Records from a collection:
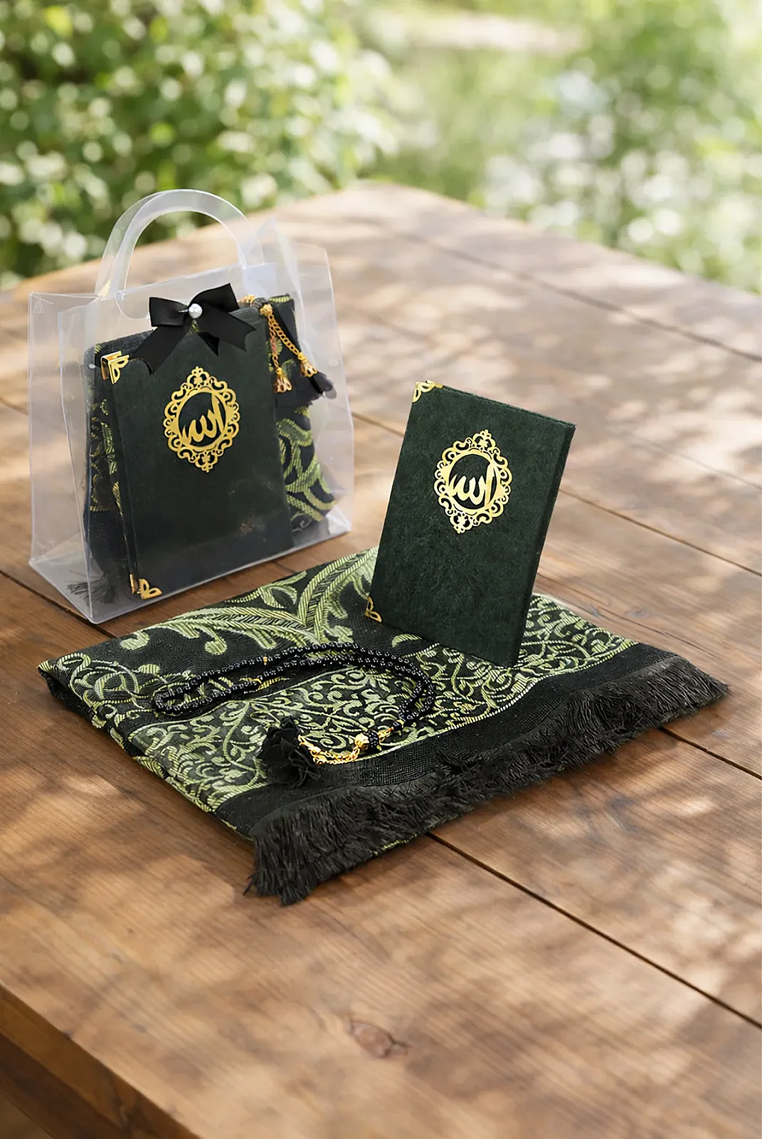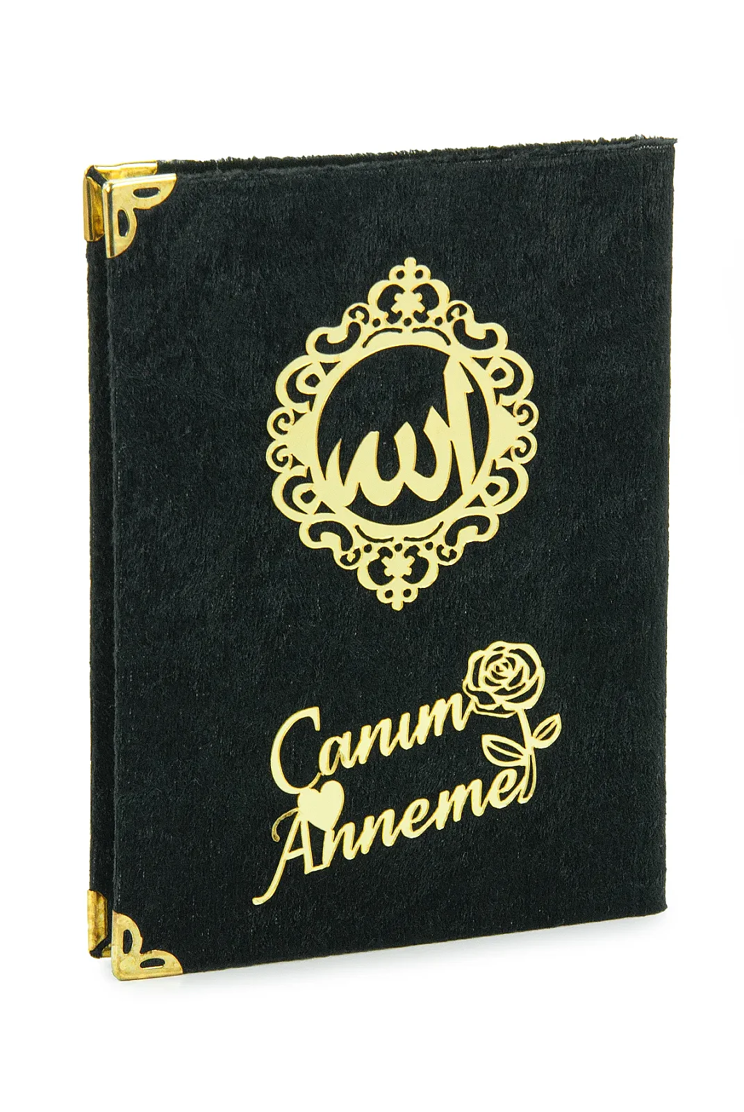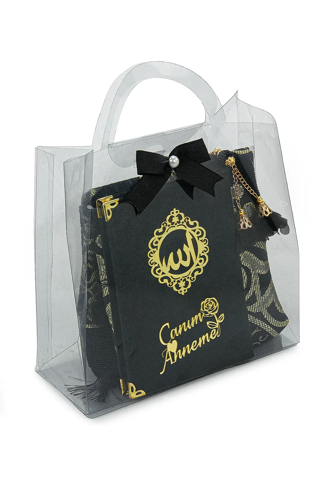 Anneler Gününe Özel Çantalı Kadife Kaplı Yasin Kitabı Tesbih Seccade Seti Siyah
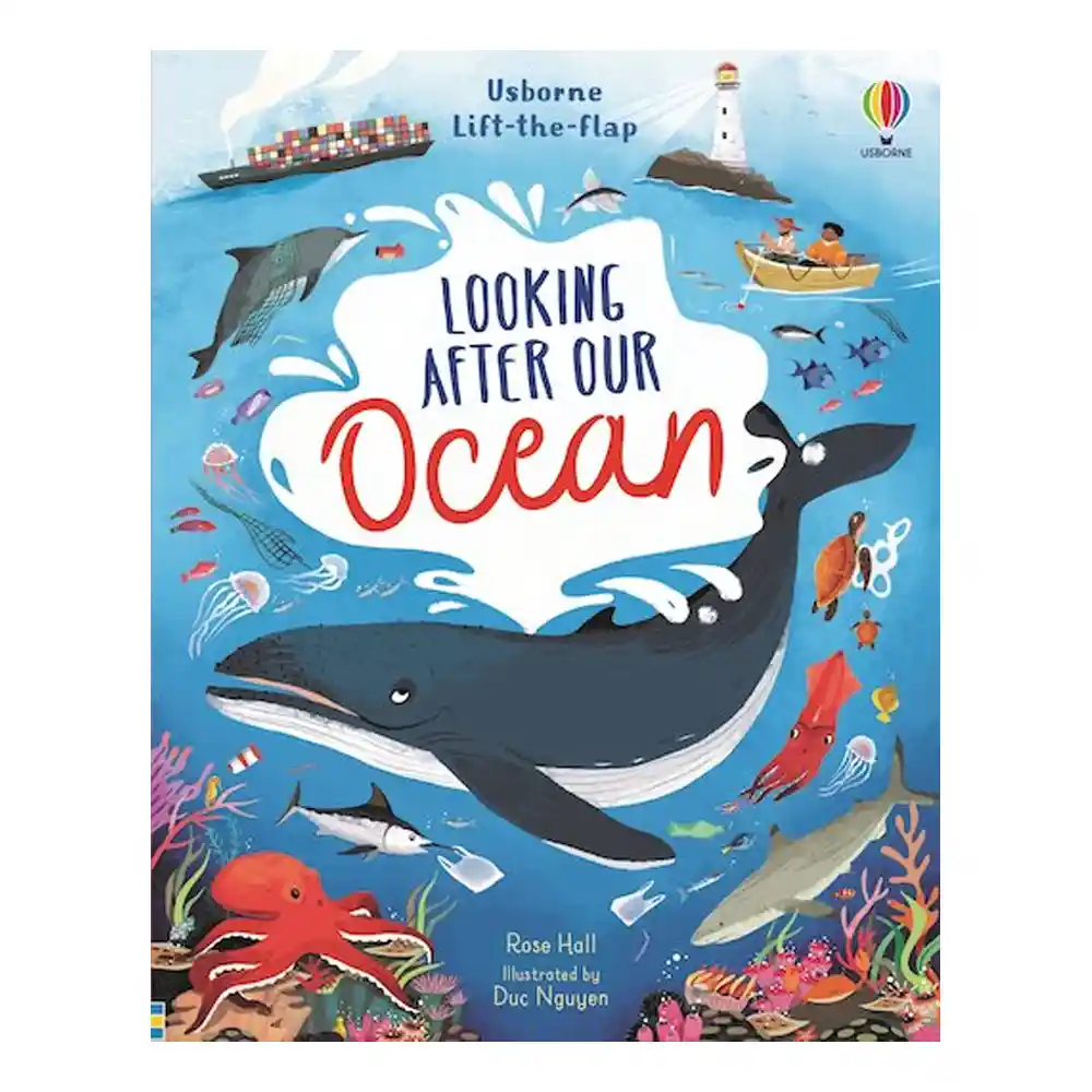 Lift-the-Flap Looking After Our Ocean by Rose Hall is a children’s nonfiction board book from Usborne’s Lift-the-flap series. Illustrated by Duc Nguyen, it introduces young readers to the ocean, the problems it faces, and the practical ways people can help protect marine life.
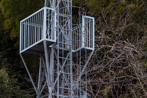 国道153号から一本外れた市道沿いに立つ櫓。浅めの四角屋根に四角形の見張台。屋根下にはホース干し用の太い竿が大きく張り出している。 部材はすべて等辺山形鋼のボルト締結で、比較的新しい年代の建造とみられる。 梯子は一段で桁外設置。転落防止柵が設けられている。
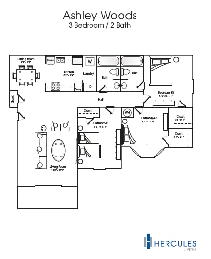 Apartment Model: TWO BEDROOM$1,4102 Bedroom, 2 Bath, 1010 sq ftAvailable NowTWO BEDROOM - Floorplan 1 3 Bedrooms
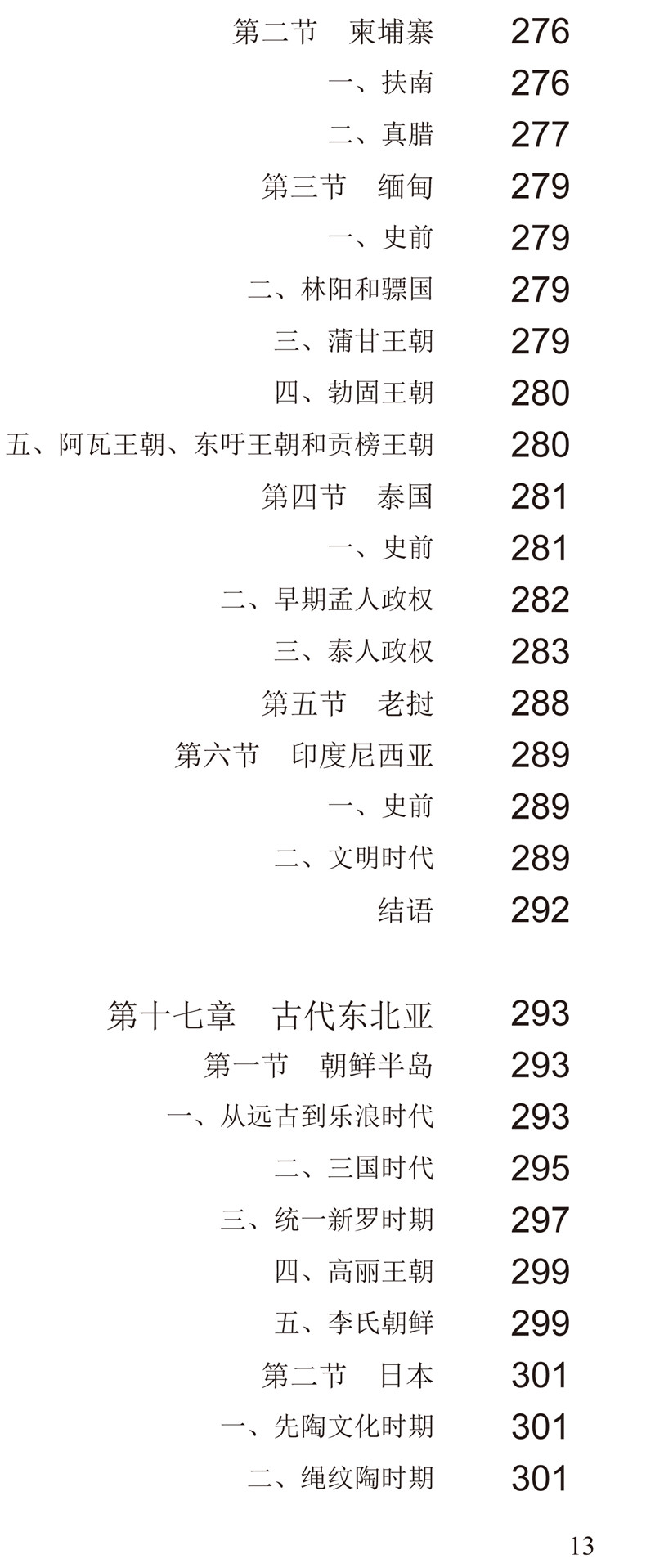中国部分第一章中国史前文化第二章商-西周第三章东周-汉代第四章三国-魏晋南北朝-盛唐第五章中唐-宋金第六章元-明-清第七章近代中国第八章现代中国外国部分第一章外国史前文化第二章美索不达米亚第三章古埃及第四章上古印度第五章古代小亚细亚与叙利亚第六章米诺斯和迈锡尼

Work instructions: Could you repeat exactly the lines from the one containing "Apartment Model: TWO" to the last line of the records, both included, and leave out every picture?

Your solution:
 Apartment Model: TWO BEDROOM$1,4102 Bedroom, 2 Bath, 1010 sq ftAvailable NowTWO BEDROOM - Floorplan 1 3 Bedrooms
中国部分第一章中国史前文化第二章商-西周第三章东周-汉代第四章三国-魏晋南北朝-盛唐第五章中唐-宋金第六章元-明-清第七章近代中国第八章现代中国外国部分第一章外国史前文化第二章美索不达米亚第三章古埃及第四章上古印度第五章古代小亚细亚与叙利亚第六章米诺斯和迈锡尼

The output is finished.